5.5.75. Показал Авербаху заявку «7 пятниц». Умные, толковые замечания и вопросы, на которые я при своем уме недисциплинированном не могу ответить, тупею, хотя и знаю, насколько это было бы важно.

О чем фильм? О любви? Этого мало. А может, о том, что люди остаются людьми, хотя рушится природа. А может, о том, что все это маски на нас – истинное лицо каждого скрыто.

Авербах зовет к сложным решениям. «Вот и в твоей „Лестнице“[133] постоянная тяга к легким ходам, однолинейным и банальным. Нужно искать то, из‐за чего станет интересно».

Да, я забываюсь, мне вроде легко. Мозг отключен, работают пальцы.

14.1.86. Одиннадцатого января умер Илья Авербах. Это было как гром среди ясного неба. Болел в Москве, я звонил еженедельно, Наташа[134] отвечала – дело к выздоровлению. И вдруг…

Мы 5–6 октября были вместе, ходили в Лавку за книгами – он уезжал в Карловы Вары. По дороге мне показалось, что он пожелтел… Думали – вентильный камень[135]. Потом были две тяжелые операции.

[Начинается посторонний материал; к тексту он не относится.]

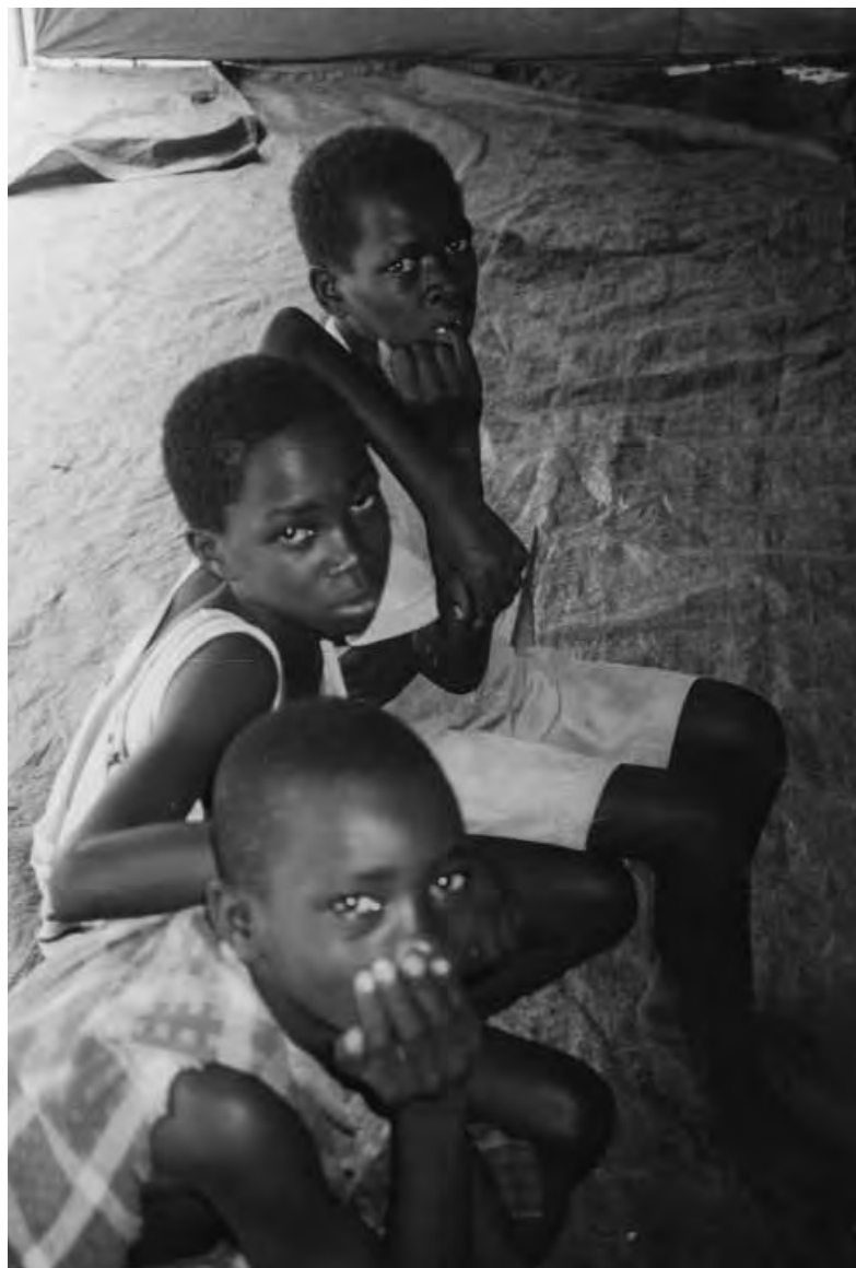
Ex menores soldados, Bujumbura.

Las medidas para prevenir el reclutamiento no sólo debe propiciarlas el conflicto. El Protocolo Facultativo exige que los Estados tomen todas las medidas posibles para evitar que los grupos armados recluten y utilicen a menores de 18 años. El primer paso consiste en tipificar como delito estas prácticas en la legislación nacional. Aparte de esto, la protección duradera se logra cambiando las condiciones que hacen posible, o casi inevitable, el reclutamiento, como ocurre con las situaciones en Chad, la República Centroafricana y Somalia. Gobiernos ineficaces, ausencia de protecciones jurídicas para los menores y de instituciones efectivas para hacerlas cumplir, pobreza, discriminación, exclusión social y política, falta de acceso a la educación y a la formación profesional y posibilidades limitadas de ganarse la vida son factores que crean las condiciones para el reclutamiento. También resulta más probable que los menores se vean arrastrados hacia grupos armados tras haber sufrido violaciones de derechos humanos u otras formas de violencia, incluida la doméstica. Los gobiernos y las sociedades que no dan prioridad a la promoción y protección de los derechos de los niños y niñas –tanto económicos, sociales y culturales como civiles y políticos– son también responsables de que los menores acaben engrosando las filas de los grupos armados.

Рассказывали, приехала Машка[136] – ее впустили на секунду, Илья держался отлично, а потом жутко плакал.

Из моих друзей это был самый значительный и самый порядочный человек, бесспорно. Он был много выше всех остальных и, пожалуй, старше намного меня до последнего времени. Как-то я никогда о нем не писал, не думал – так было обычно, что жили рядом… И вот – смерть.

5.3.86. Недавно на столе редактора увидел дневники Евг. Шварца[137]. И поразился его мудрости – пишет каждый день, ставя перед собой задачу раскрыть чье-то имя, биографию. Вот и у меня – Илья Авербах. Недавняя смерть, были с Фредом[138] у мамы, Ксении Владимировны[139], а позади двадцать пять лет дружбы. Почему бы мне для себя не написать все общее наше прошлое, его портрет.

Он тут выступал по телику, а старуха говорит: «Я обрадовалась, когда его увидела. Вот он, Илюша. В рубашечке с короткими рукавами, такой живой».

У меня замерло сердце. Я смотрел и думал о ней – не смотрела бы, не переживет.

И еще она сказала, когда я вспомнил о брате Ильи Николае[140]:

– Что вы, Сеня, ничего же общего. Это неизмеримая разница. Ничего. Ничего.

…Странная смерть. Иногда хочется позвонить. Действительно, самый значительный и разумный из всех моих знакомых. У одного увеличивается желчность, злость, а у Ильи увеличивалась мудрость. Яшка Багров[141] сказал, что Илья чем крупнее, тем проще стал, значительнее. Это так и было.

Конечно, он был неудачник в личной жизни. Сейчас Наталья полна достоинства – безутешная вдова, а ведь он последнее время считал ее (так чувствовалось) доброй знакомой[142]. «Она ненавидит мою мать, я не знаю, что делать».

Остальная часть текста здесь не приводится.